Problem description:
A verbatim transcription of the listing below is required, without its pictures.

Source data:
+-------+

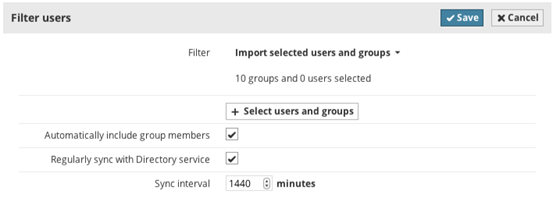 Jelölje be a “Szinkronizálás a mappaszolgáltatóval szabályos időközönként” jelölőnégyzetet a Felhasználók szűrése részben, majd adja meg a kívánt időintervallumot percben. A módosítások tárolásához kattintson a Mentés gombra.
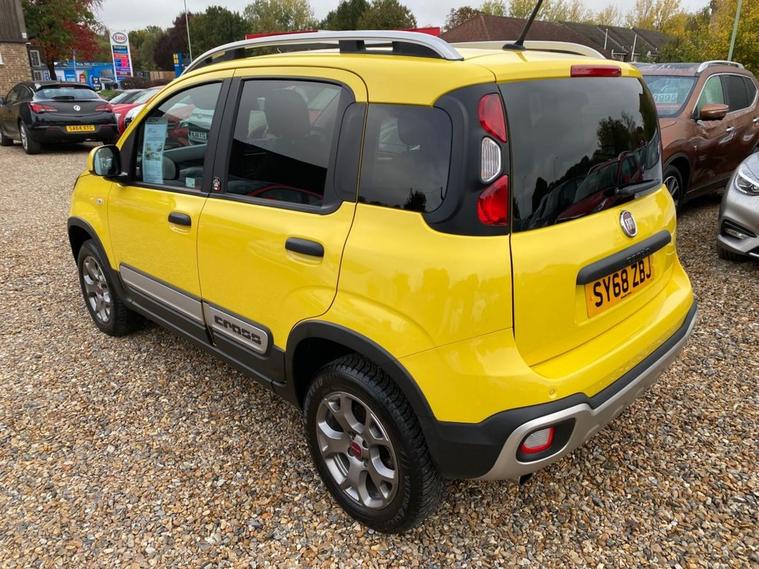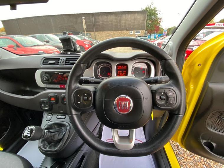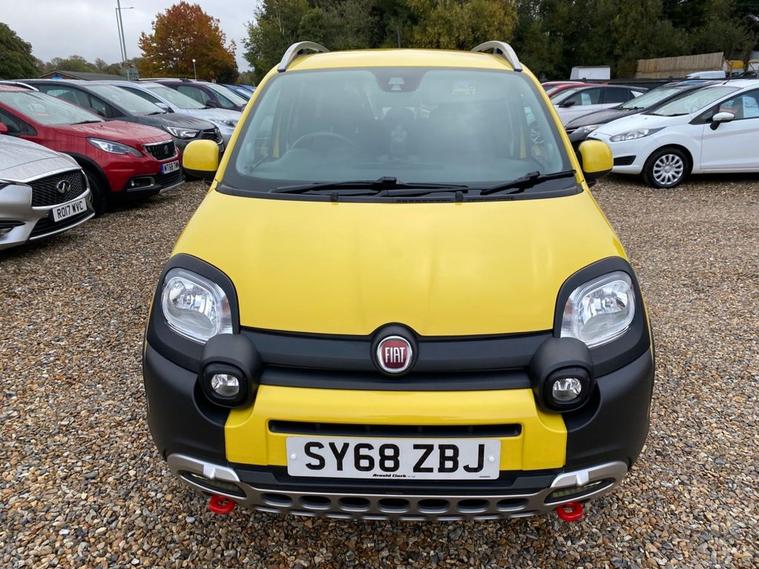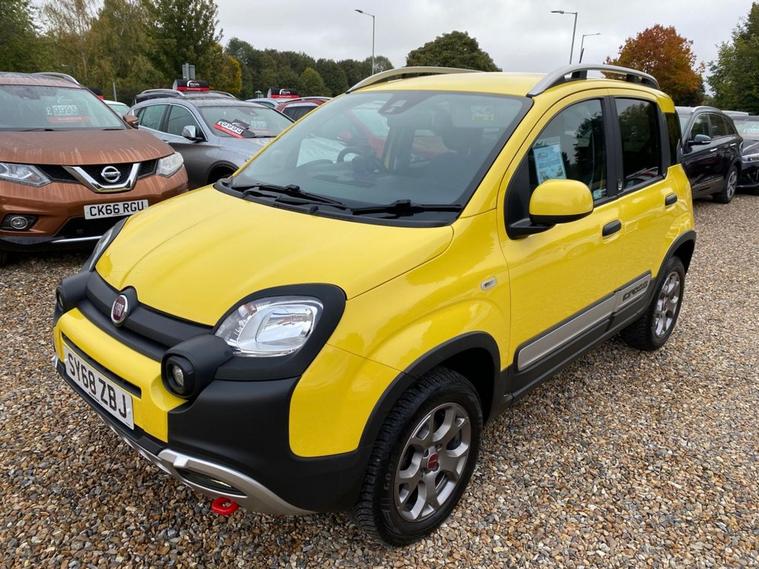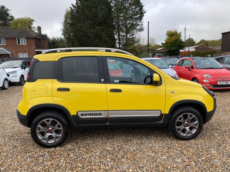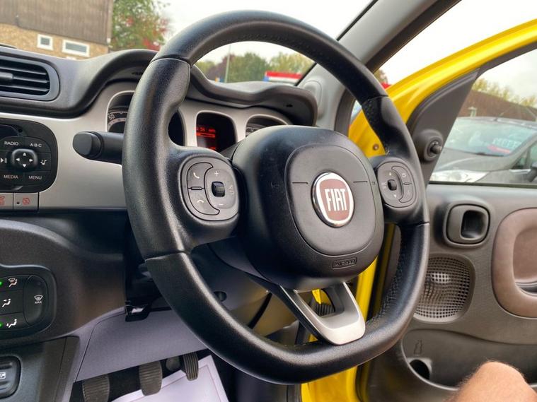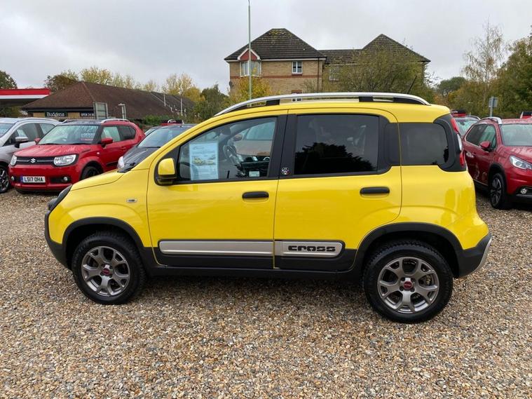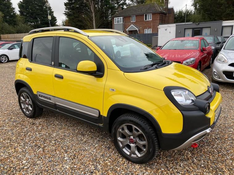 ONLY 20, 248 MILES+£1, 800 OF FEATURES+LONG MOT UNTIL 21.09.2026+DAB RADIO+BLUETOOTH+AIR-CONDITIONING+WINTER PACK+COMFORT KIT+HALF LEATHER UPHOLSTERY+PARKING ASSISTANCE+TROPICALLA YELLOW PAINT+15 INCH ALLOY WHEELS. At Haverhill Car Xchange we would like to offer you our EXTREMELY LOW MILEAGE Fiat Panda TwinAir Cross Hatchback which has been finished in a Tropicalla Yellow paint with luxurious Grey-Brown half leather and cloth upholstery. Specification Includes DAB Radio, Bluetooth and Smartphone Cradle, USB, AUX-IN, 12 Volt Power Socket, Automatic Climate Control Air-Conditioning, Front Electric Windows, Body Coloured Door Mirrors, Black Door Handles, Front and Rear Bumpers with Ultrashine Silver Skid Plates, Side Strips in ultrashine Silver Cross Logo, Ultrashine Roof Bars, Front Fog Lights, Comfort Kit, Winter Pack, Parking Assistance, Tinted Windows, 15 Inch Alloy Wheel, City Break Control, All Terrain Selector, Dualdrive Power Steering, Hill Holder, ABS Breaking System, Airbags and Remote Central Locking.
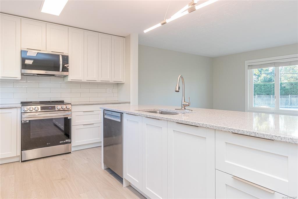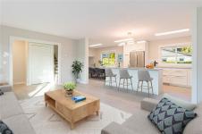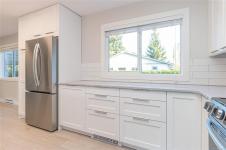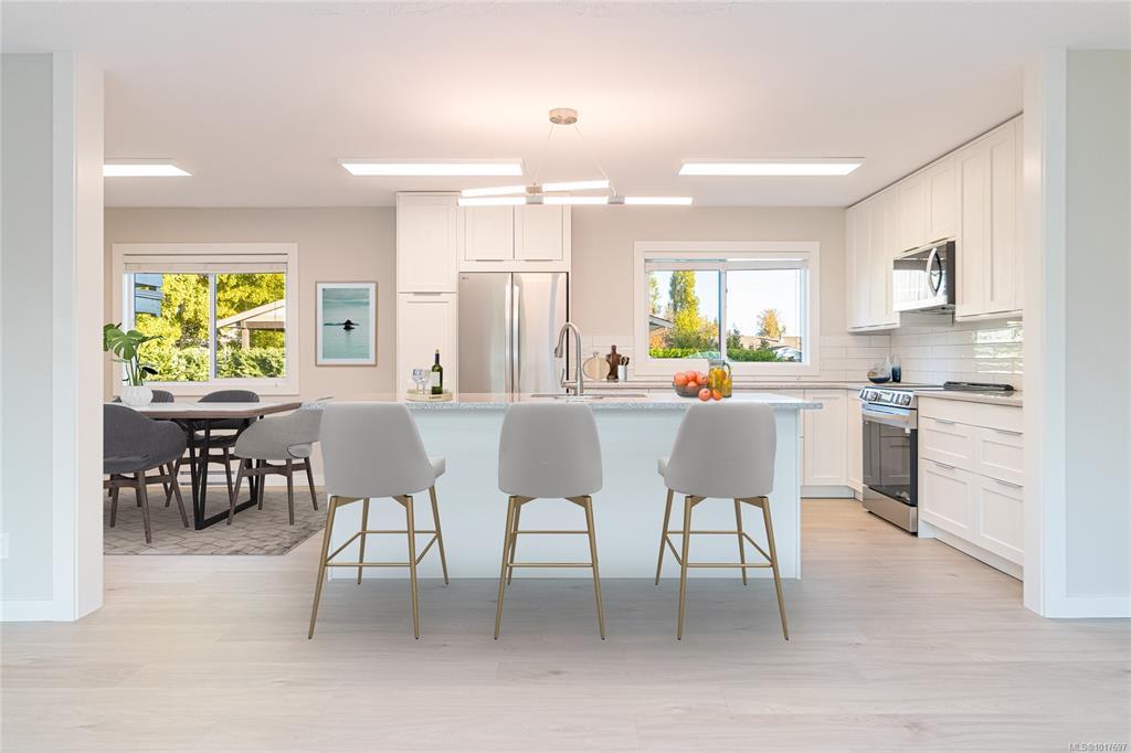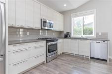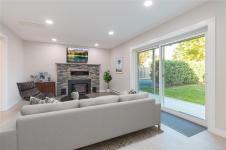 Two beautiful homes with great separation and privacy. Central location! The fully renovated 3 level split, 3-bedroom main house including master with ensuite and an office for work from home opportunities is full of light with updated windows, bathrooms, all new flooring and a new kitchen with new ss appliances and Handstone quartz countertops. New LED lighting and bb heaters and thermostats throughout. Beautiful wood and glass railings and woodburning fireplace that is refaced in natural stone veneer. The secondary dwelling is a 969sf carriage house built in 2018 and provides a suite perfect for multigenerational living or future rental income. It has a gas stove and fireplace, master bedroom with ensuite, full kitchen, living and flex room that could be a work from home office, or transforms to a guest bedroom with its own ensuite. The property has lots of parking, updated low maintenance and easy-care landscaping including an exposed aggregate entry level patio to Carriage Home.

+-------+

Solution below:
 Jelölje be a “Szinkronizálás a mappaszolgáltatóval szabályos időközönként” jelölőnégyzetet a Felhasználók szűrése részben, majd adja meg a kívánt időintervallumot percben. A módosítások tárolásához kattintson a Mentés gombra.
 ONLY 20, 248 MILES+£1, 800 OF FEATURES+LONG MOT UNTIL 21.09.2026+DAB RADIO+BLUETOOTH+AIR-CONDITIONING+WINTER PACK+COMFORT KIT+HALF LEATHER UPHOLSTERY+PARKING ASSISTANCE+TROPICALLA YELLOW PAINT+15 INCH ALLOY WHEELS. At Haverhill Car Xchange we would like to offer you our EXTREMELY LOW MILEAGE Fiat Panda TwinAir Cross Hatchback which has been finished in a Tropicalla Yellow paint with luxurious Grey-Brown half leather and cloth upholstery. Specification Includes DAB Radio, Bluetooth and Smartphone Cradle, USB, AUX-IN, 12 Volt Power Socket, Automatic Climate Control Air-Conditioning, Front Electric Windows, Body Coloured Door Mirrors, Black Door Handles, Front and Rear Bumpers with Ultrashine Silver Skid Plates, Side Strips in ultrashine Silver Cross Logo, Ultrashine Roof Bars, Front Fog Lights, Comfort Kit, Winter Pack, Parking Assistance, Tinted Windows, 15 Inch Alloy Wheel, City Break Control, All Terrain Selector, Dualdrive Power Steering, Hill Holder, ABS Breaking System, Airbags and Remote Central Locking.
 Two beautiful homes with great separation and privacy. Central location! The fully renovated 3 level split, 3-bedroom main house including master with ensuite and an office for work from home opportunities is full of light with updated windows, bathrooms, all new flooring and a new kitchen with new ss appliances and Handstone quartz countertops. New LED lighting and bb heaters and thermostats throughout. Beautiful wood and glass railings and woodburning fireplace that is refaced in natural stone veneer. The secondary dwelling is a 969sf carriage house built in 2018 and provides a suite perfect for multigenerational living or future rental income. It has a gas stove and fireplace, master bedroom with ensuite, full kitchen, living and flex room that could be a work from home office, or transforms to a guest bedroom with its own ensuite. The property has lots of parking, updated low maintenance and easy-care landscaping including an exposed aggregate entry level patio to Carriage Home.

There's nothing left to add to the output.